Another aspect of behaviour is the understanding that much depends on what you feed your mind and how you think. Having confidence or fear depends on the thoughts that habitually occupy our minds. The way you think creates your attitudes, governs your behaviour, even influences your immune system and vulnerability to illness.
The mind thinks most about what it’s exposed to. What habitually enters and occupies your mind, eventually shapes it and what you do and become; the events you go to, the people you associate with, what you read, what you hear, the images you see, the conversations you have – all these shape you.
The vital question is of course – ‘Why for some is failure energising but for others paralysing?’
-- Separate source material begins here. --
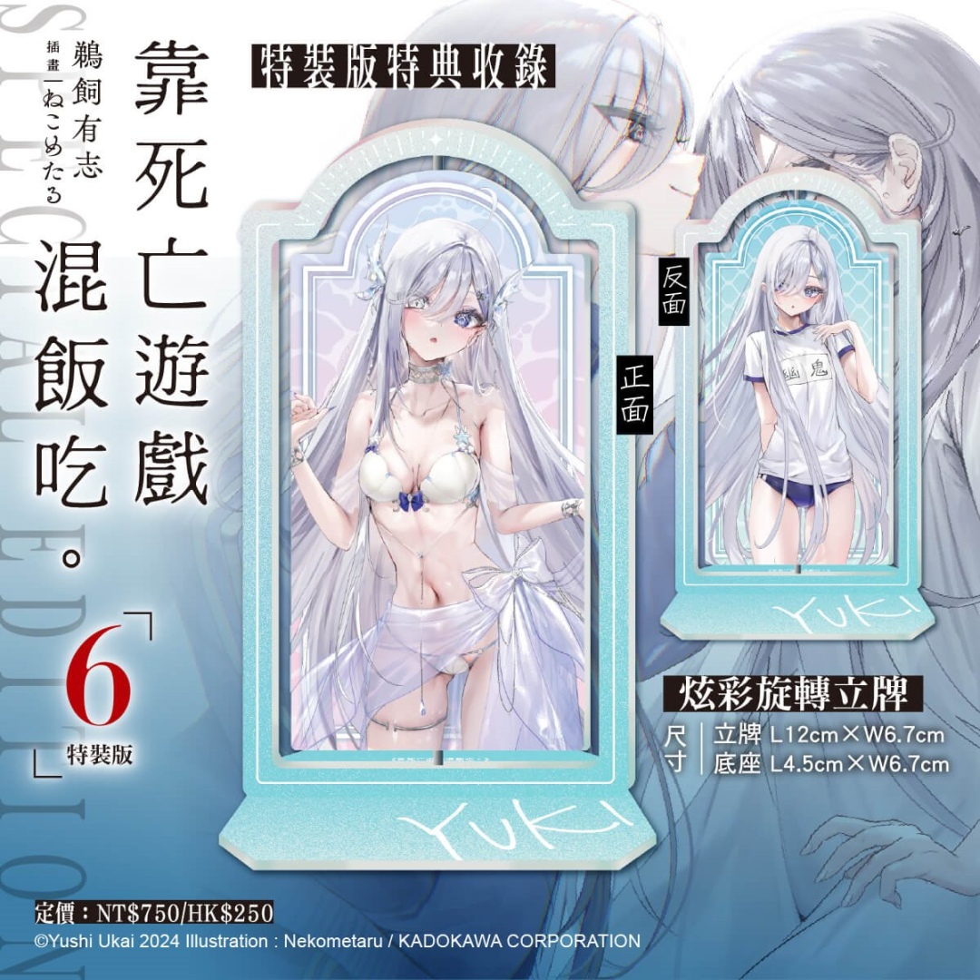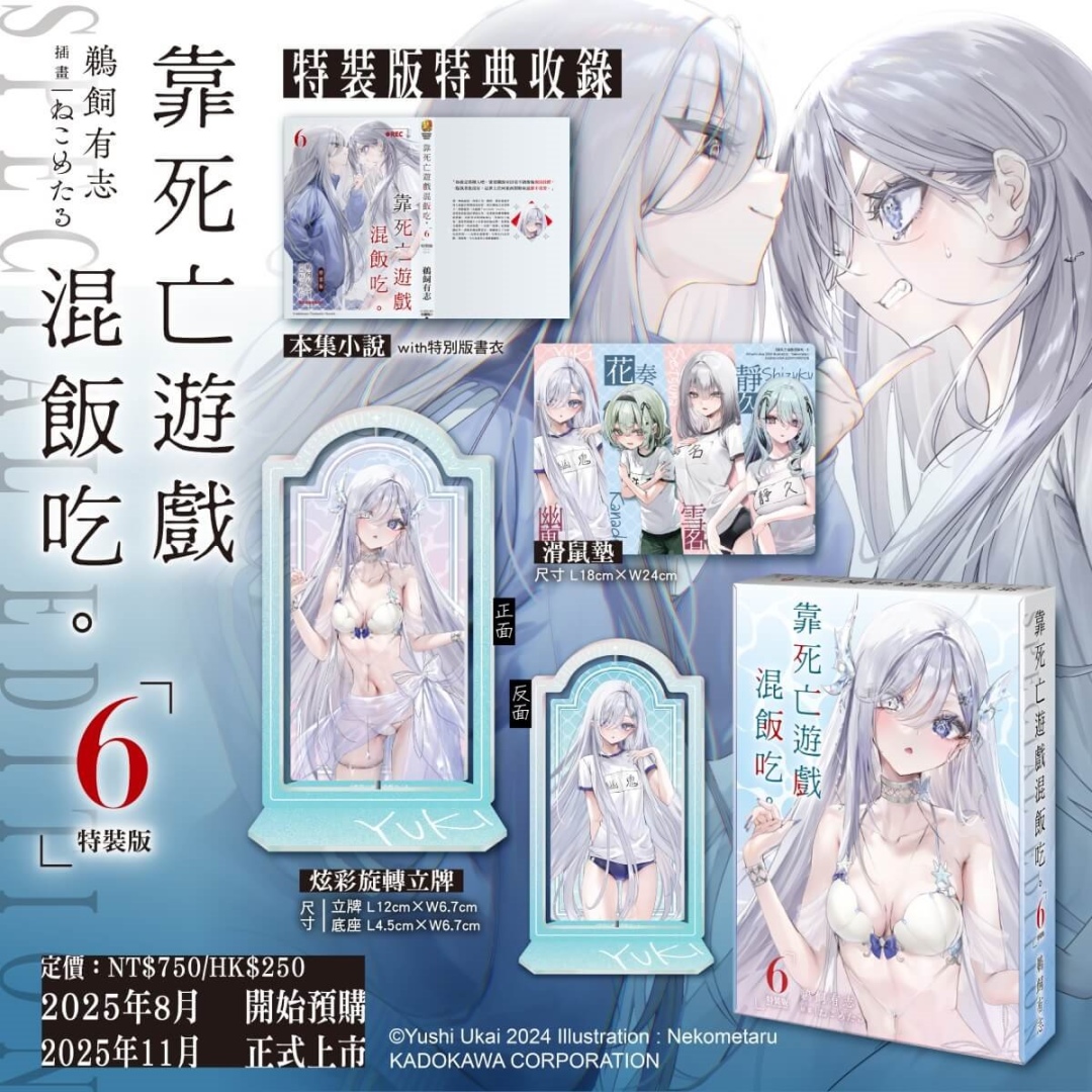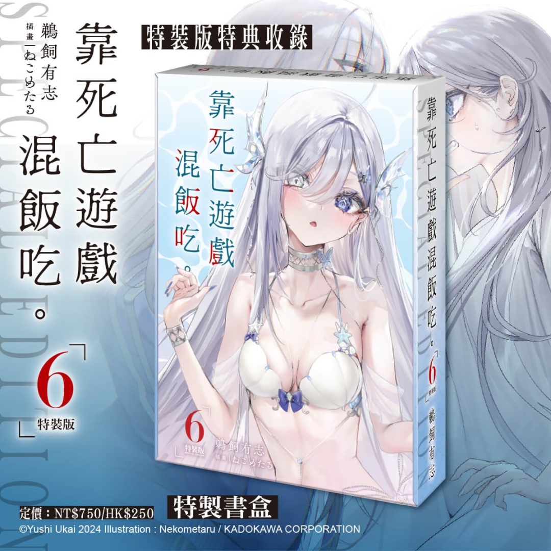 至今已改編漫畫版火熱連載中,更於年初發布改編電視動畫將於 2026 年正式開播!《靠死亡遊戲混飯吃。(6)》以幽鬼清純性感泳裝為主題的絕讚特裝版,將於 11 月同步推出,即日起可至台灣角川官網及各大指定書店通路進行事前限期預購。

What we have to bear in mind is that humans arrive on the planet not as a finished product. They have an invisible notice round the neck that reads – ‘Some assembly required!’
When reality sets in and obstacles confront you, the one quality that is required is resilience– you can be a passive victim or reassert some command and control over your destiny and focus on whatever possibilities remain for some measure of control.
Quitting is always easier than enduring but leads to a pattern of giving up: a pattern which leads to dying a little more inside each time you give in. Fear destroys joy, giving in is a joy killer. Living in a fear-filled perspective robs you of life now and in the future. A major theme that characterises resilient persons is their surprising exercise of control in a stress-filled environment. In prisoner of war camps those who lapsed into a state of passive acceptance were least likely to survive and recover; those who focussed on whatever possibilities remained for some measure of control survived.
We all have gifts or talents and the choice of whether to use them or not. Yours is the choice of safety or growth. However there is no tragedy greater than that of an unused talent. There is a cost, both in life and in sport, to staying in the boat and not daring to get the feet wet!